Collection entries
**********
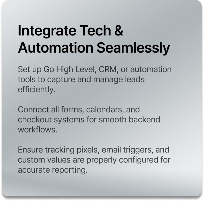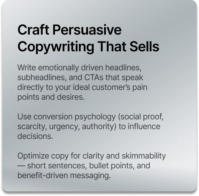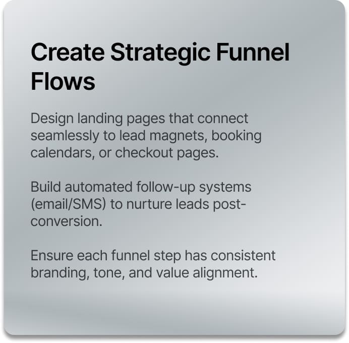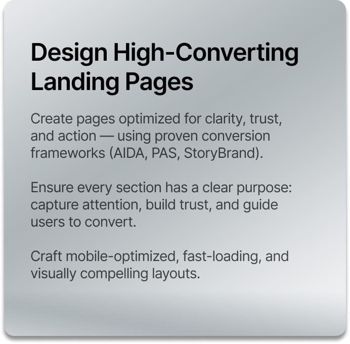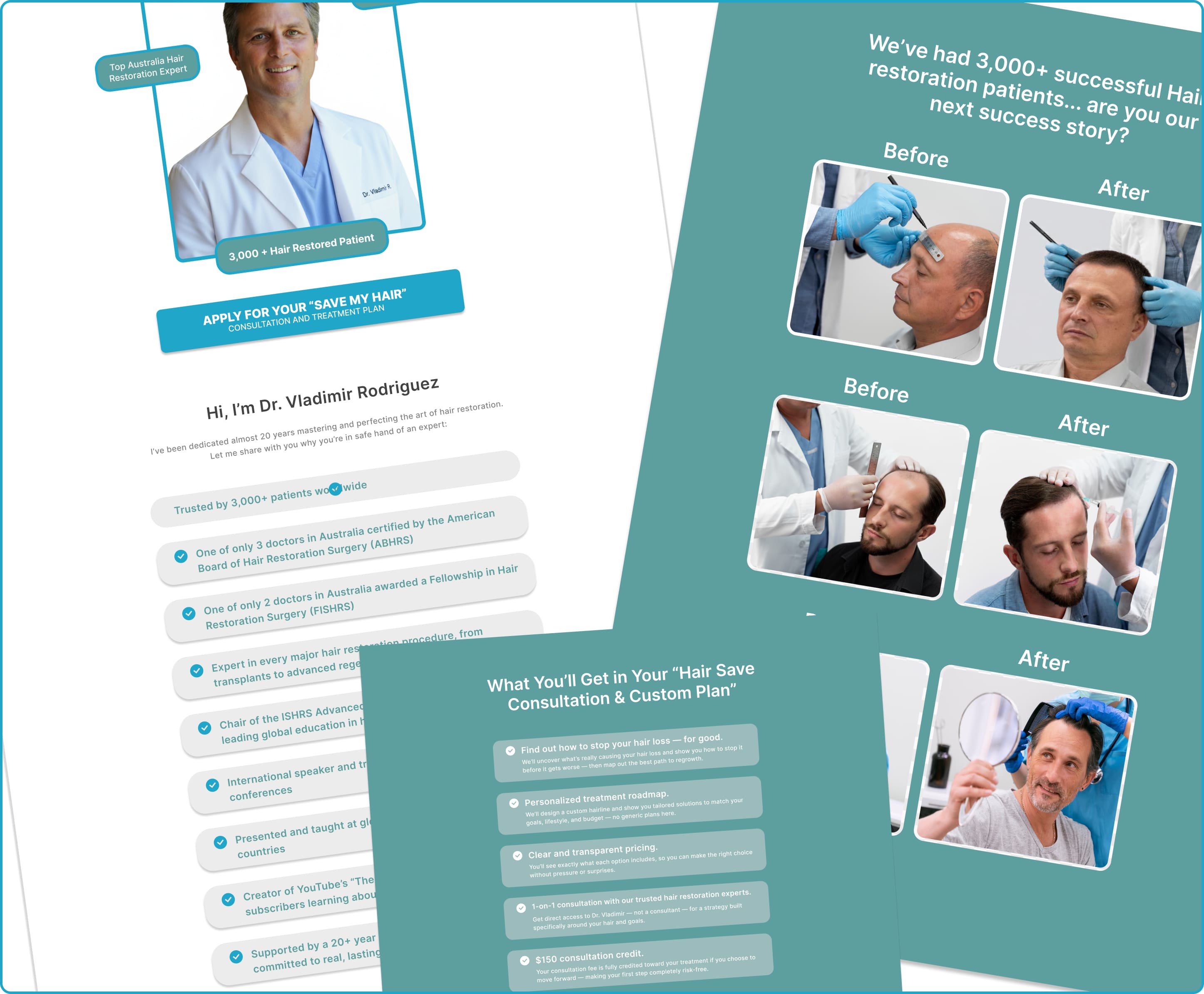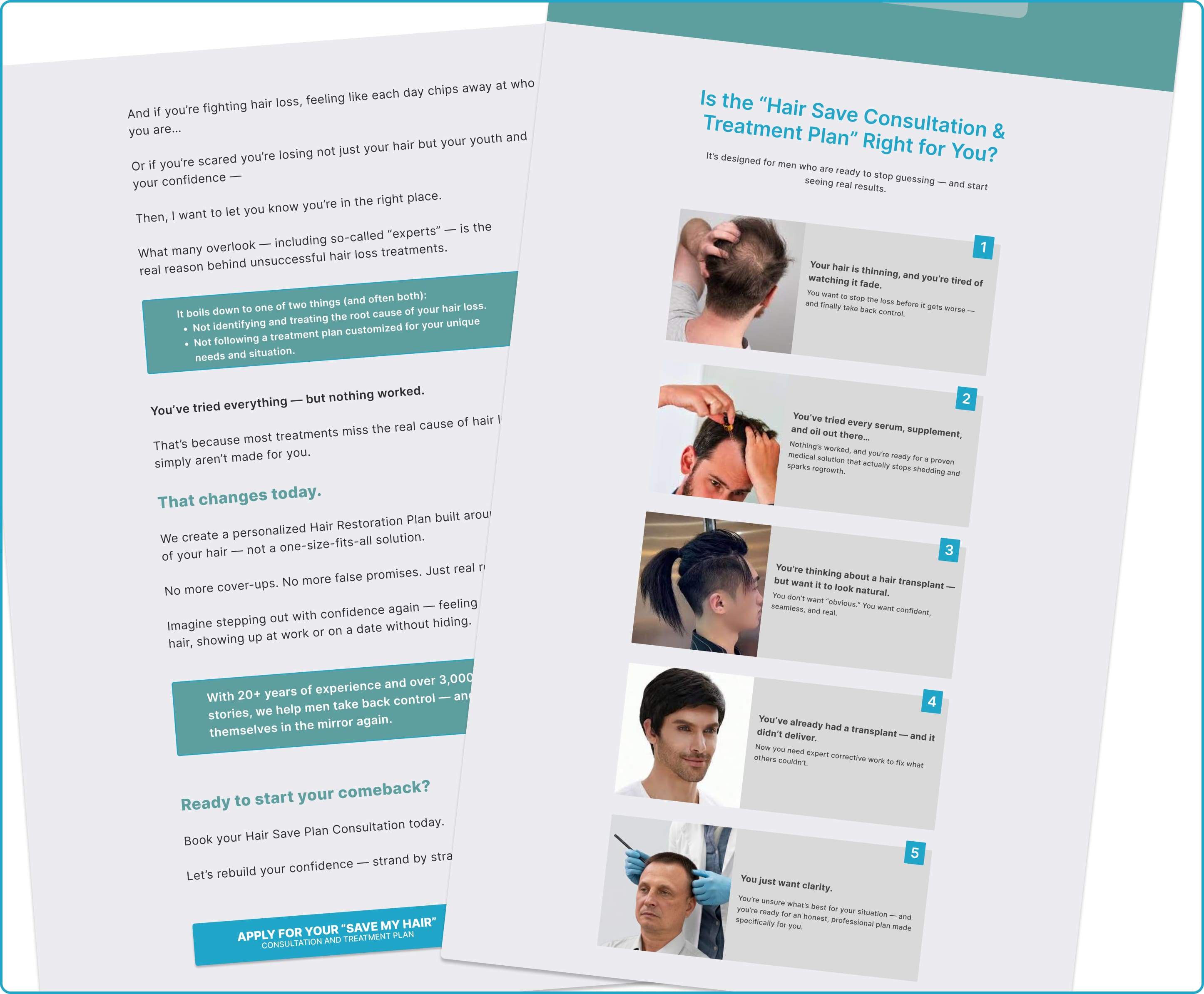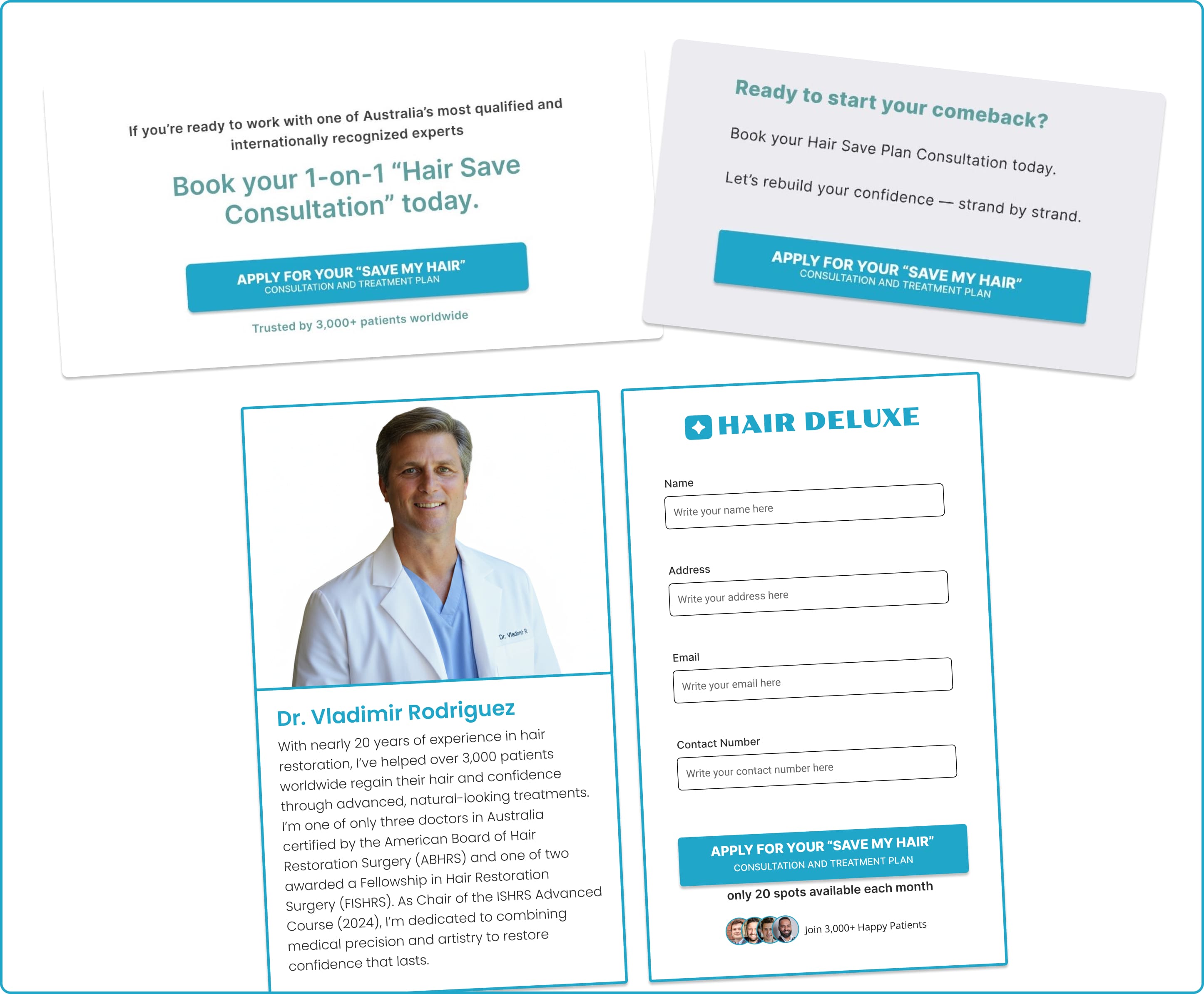 Short form (Name, Email, Phone) Booking calendar Order form with secure payment badges Final CTA reminding them of the value
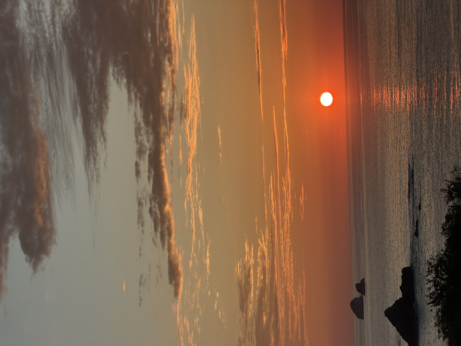 The image depicts an ocean sunset in Unknown, Mexico. The sky exhibits a gradient from pale blue-grey at the top to intense orange and deep red at the horizon, populated by multiple layers of stratified clouds, including dark, wispy formations with orange undersides. A bright, white, circular sun is positioned low on the horizon, approximately one-third from the right edge of the frame, casting a distinct, shimmering orange-red reflection vertically across the ocean surface. The water is a dark blue-grey, appearing relatively calm with subtle ripples, particularly within the sun's reflection. In the mid-ground, two dark, rounded rocky islets are silhouetted against the water on the left side. Closer to the foreground on the left, a larger, jagged, dark rock formation is partially visible, protruding from the water. The extreme bottom edge of the image reveals the silhouette of dark, indistinct vegetation, likely bushes or small trees. No human figures, animals, or man-made structures are visible.
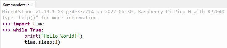 Dazu klicken wir im unteren Bereich der Thonny IDE in die „Kommandozeile“ und geben nachfolgendes Skript ein.
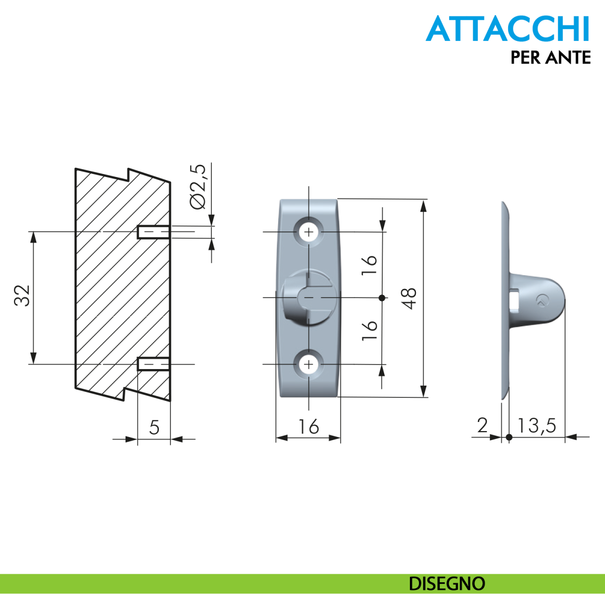 - Interasse fori: 32 mm
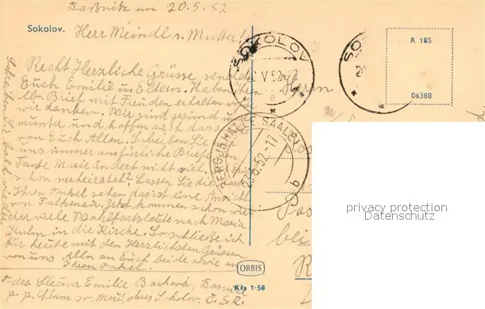 Sokolov Motiv im Zentrum Kirche Sokolov postalisch gelaufen 1952 Erhaltung siehe scans [FriedD77] Frierer
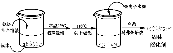 (2)取一定量的載體在金屬混合溶液中超聲浸漬一段時間,然后在110℃的烘箱中烘干老化一段時間;
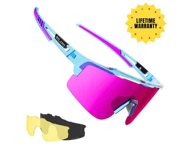 With 3 lenses, a performance-empowering design and premium material, these are next-level glasses for a next-level athlete. FEATURES INCLUDE: - THREE ULTRA PERFORMANCE LENSES - With three HD shielded, performance lenses, these glasses are made for making plays. Includes colored lens, blacked-out lens, and night-vision lens. - VENTILATED LENSES - Strategic grooves in the lenses promote better airflow and reduce fogging. - SOLARO LIMITED LIFETIME WARRANTY - Every pair of Solaro Sunglasses comes with a limited lifetime warranty. Register your pair with us and you'll get one free replacement in case of damage. Just pay shipping. - EYE SAFETY - Protects eyes from dirt, flying debris, and more. These hydrophobic lenses also repel water. UVA/UVB PROTECTION: Solaro's AstroTek lenses are also UVA/UVB protective. - ENHANCED CLARITY - Scratch-resistant, color-enhancing lenses provide better vision and clarity on the field. - SPORTS GRIP - A fitted nose piece keeps these glasses in place as you chase make big plays or hit new PR's. - OPTIMIZED AIRFLOW - With a breathable lens shape and airflow-promoting ridges, these glasses ventilate to reduce fogging. - DESIGNED IN LOUISVILLE, KY - These sunglasses were designed in Kentucky, America. We're not just about horses and baseball bats anymore out here. - COMES WITH EXTRAS - All Solaro Shades come with a box, hard clamshell case, microfiber cleaning bag, and storage bag. No matter where your next adventure is, they'll be ready. The secret is out. These glasses are coming from the same factory that produces other sports sunglasses that cost around $200. Wearing your pair? Tag us on Instagram or TikTok for a chance to be featured on the site!
**********
* Try it *
What is needed is an exact transcription of every entry, minus the pictures.

* Output of the task *
 Short form (Name, Email, Phone) Booking calendar Order form with secure payment badges Final CTA reminding them of the value
 The image depicts an ocean sunset in Unknown, Mexico. The sky exhibits a gradient from pale blue-grey at the top to intense orange and deep red at the horizon, populated by multiple layers of stratified clouds, including dark, wispy formations with orange undersides. A bright, white, circular sun is positioned low on the horizon, approximately one-third from the right edge of the frame, casting a distinct, shimmering orange-red reflection vertically across the ocean surface. The water is a dark blue-grey, appearing relatively calm with subtle ripples, particularly within the sun's reflection. In the mid-ground, two dark, rounded rocky islets are silhouetted against the water on the left side. Closer to the foreground on the left, a larger, jagged, dark rock formation is partially visible, protruding from the water. The extreme bottom edge of the image reveals the silhouette of dark, indistinct vegetation, likely bushes or small trees. No human figures, animals, or man-made structures are visible.
 Dazu klicken wir im unteren Bereich der Thonny IDE in die „Kommandozeile“ und geben nachfolgendes Skript ein.
 - Interasse fori: 32 mm
 Sokolov Motiv im Zentrum Kirche Sokolov postalisch gelaufen 1952 Erhaltung siehe scans [FriedD77] Frierer
 (2)取一定量的載體在金屬混合溶液中超聲浸漬一段時間,然后在110℃的烘箱中烘干老化一段時間;
 With 3 lenses, a performance-empowering design and premium material, these are next-level glasses for a next-level athlete. FEATURES INCLUDE: - THREE ULTRA PERFORMANCE LENSES - With three HD shielded, performance lenses, these glasses are made for making plays. Includes colored lens, blacked-out lens, and night-vision lens. - VENTILATED LENSES - Strategic grooves in the lenses promote better airflow and reduce fogging. - SOLARO LIMITED LIFETIME WARRANTY - Every pair of Solaro Sunglasses comes with a limited lifetime warranty. Register your pair with us and you'll get one free replacement in case of damage. Just pay shipping. - EYE SAFETY - Protects eyes from dirt, flying debris, and more. These hydrophobic lenses also repel water. UVA/UVB PROTECTION: Solaro's AstroTek lenses are also UVA/UVB protective. - ENHANCED CLARITY - Scratch-resistant, color-enhancing lenses provide better vision and clarity on the field. - SPORTS GRIP - A fitted nose piece keeps these glasses in place as you chase make big plays or hit new PR's. - OPTIMIZED AIRFLOW - With a breathable lens shape and airflow-promoting ridges, these glasses ventilate to reduce fogging. - DESIGNED IN LOUISVILLE, KY - These sunglasses were designed in Kentucky, America. We're not just about horses and baseball bats anymore out here. - COMES WITH EXTRAS - All Solaro Shades come with a box, hard clamshell case, microfiber cleaning bag, and storage bag. No matter where your next adventure is, they'll be ready. The secret is out. These glasses are coming from the same factory that produces other sports sunglasses that cost around $200. Wearing your pair? Tag us on Instagram or TikTok for a chance to be featured on the site!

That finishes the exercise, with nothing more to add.